5333 Kanaya

Discovery
- Discovered by: M. Akiyama T. Furuta
- Discovery site: Mishima Obs. (886)
- Discovery date: 18 October 1990

Designations
- Named after: Kanaya, Shizuoka (Japanese city)
- Alternative designations: 1990 UH · 1974 HC_{2} 1979 SJ_{2} · 1981 EJ_{49} 1985 JE_{2}
- Minor planet category: main-belt · (inner)

Orbital characteristics
- Epoch 4 September 2017 (JD 2458000.5)
- Uncertainty parameter 0
- Observation arc: 62.62 yr (22,871 days)
- Aphelion: 2.7398 AU
- Perihelion: 1.9515 AU
- Semi-major axis: 2.3456 AU
- Eccentricity: 0.1680
- Orbital period (sidereal): 3.59 yr (1,312 days)
- Mean anomaly: 61.888°
- Mean motion: 0° 16^{m} 27.84^{s} / day
- Inclination: 10.973°
- Longitude of ascending node: 208.40°
- Argument of perihelion: 309.01°

Physical characteristics
- Dimensions: 13.35 km (calculated) 13.587±0.041 km 13.918±0.032 14.21±0.41 km
- Synodic rotation period: 3.683±0.001 h 3.8022±0.0008 h 3.80224±0.00006 h 3.8024±0.0002 h
- Geometric albedo: 0.029±0.004 0.0407±0.0012 0.051±0.003 0.057 (assumed)
- Spectral type: SMASS = Ch · C
- Absolute magnitude (H): 13.1 · 12.99±0.33

= 5333 Kanaya =

Main-belt asteroid

5333 Kanaya, provisional designation , is a carbonaceous asteroid from the inner regions of the asteroid belt, approximately 14 kilometers in diameter.

The asteroid was discovered on 18 October 1990, by Japanese astronomers Makio Akiyama and Toshimasa Furuta at Mishima Observatory (886) in Susono, Japan, and named for the Japanese city of Kanaya.

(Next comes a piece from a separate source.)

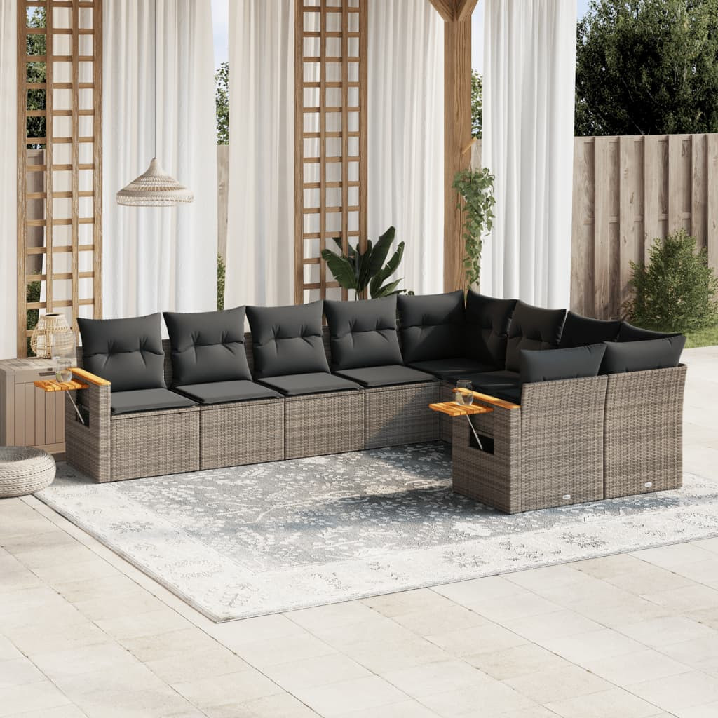 vidaXL Salon de jardin 9 pcs avec coussins gris résine tressée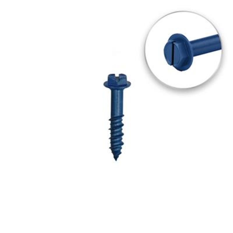 DescriptionDuraDrive 1/4 in x 2-1/4 in Blue Ruspert Coated Hex Washer Head Slot Drive Concrete Screw (100-Pack) has an improved thread design that allows it to anchor sturdily into concrete, brick and block. Using the correct bit (that is included), drill

== Orbit and classification ==

Kanaya orbits the Sun in the inner main-belt at a distance of 2.0–2.7 AU once every 3 years and 7 months (1,312 days). Its orbit has an eccentricity of 0.17 and an inclination of 11° with respect to the ecliptic.

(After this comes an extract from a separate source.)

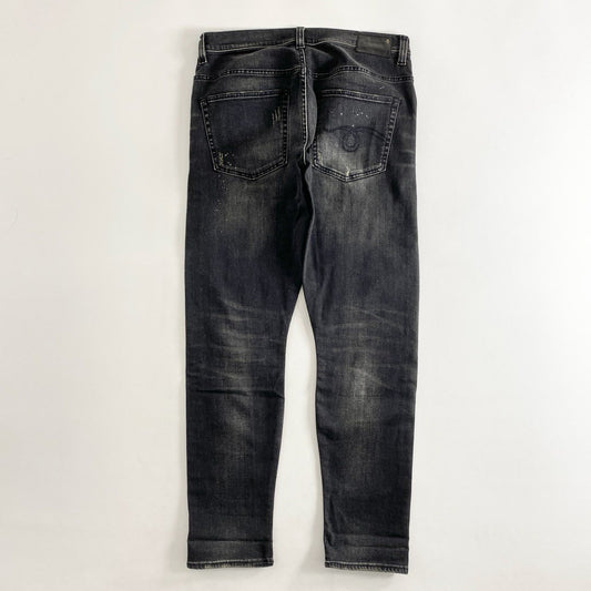69g2 【イタリア製】R13 アールサーティーン ダメージ ペンキ加工 伸縮ストレッチ デニムパンツ ジョグジーンズ サイズ31 ブラック メンズ

A first precovery was taken at the Goethe Link Observatory in 1954. It observation arc begins at the Chilean Cerro El Roble Station in 1974, when it was identified as , 16 years prior to its official discovery observation at Susono.

== Physical characteristics ==

In the SMASS classification, Kanaya is a Ch-type asteroid, a hydrated sub-type of the carbonaceous C-type asteroids.

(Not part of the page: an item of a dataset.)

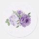 Pegatina Redonda flores moradas románticas hojas verdes botánicas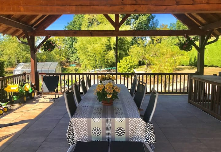 Grandes espacios cubiertos en el patio: el patio principal se encuentra junto a la piscina, con mesa de comedor para diez personas, hamaca, muebles de salón y barbacoa. Un segundo espacio de patio cubierto se encuentra en el lateral de la casa, con una mesa de desayuno. Amplios muebles de exterior están disponibles para crear otros asientos alrededor de los jardines.

=== Diameter and albedo ===

According to the space-based surveys carried out by the Japanese Akari satellite and NASA's Wide-field Infrared Survey Explorer with its subsequent NEOWISE mission, Kanaya measures 14.2 and 13.6 kilometers in diameter, and its surface has an albedo of 0.029 and 0.051, respectively.

The Collaborative Asteroid Lightcurve Link assumes a standard albedo for carbonaceous asteroids of 0.057 and calculates a diameter of 13.4 kilometers with an absolute magnitude of 13.1.

=== Lightcurves ===

Several rotational lightcurves of Kanaya have been obtained from photometric observations. In December 2005, a first lightcurve by astronomer David Higgins at Hunters Hill Observatory (E14), Australia, gave a rotation period of 3.8022 hours with a brightness variation of 0.22 magnitude (U=3).

In October 2010, Czech astronomer Petr Pravec obtained another well-defined period of 3.80224 hours with an amplitude of 0.16 magnitude (U=3). Other observations rendered similar periods (U=2+/3-).

== Naming ==

This minor planet was named for the Japanese town of Kanaya (金谷町 Kanaya-chō) in Haibara District of the Shizuoka Prefecture. It is the native town of the first discoverer, Makio Akiyama, and also a station on the ancient "Tokai-do" road. The Malinohara plateau south of Kanaya is well known for its production of green tea. The official naming citation was published by the Minor Planet Center on 6 February 1993 (M.P.C. 21610).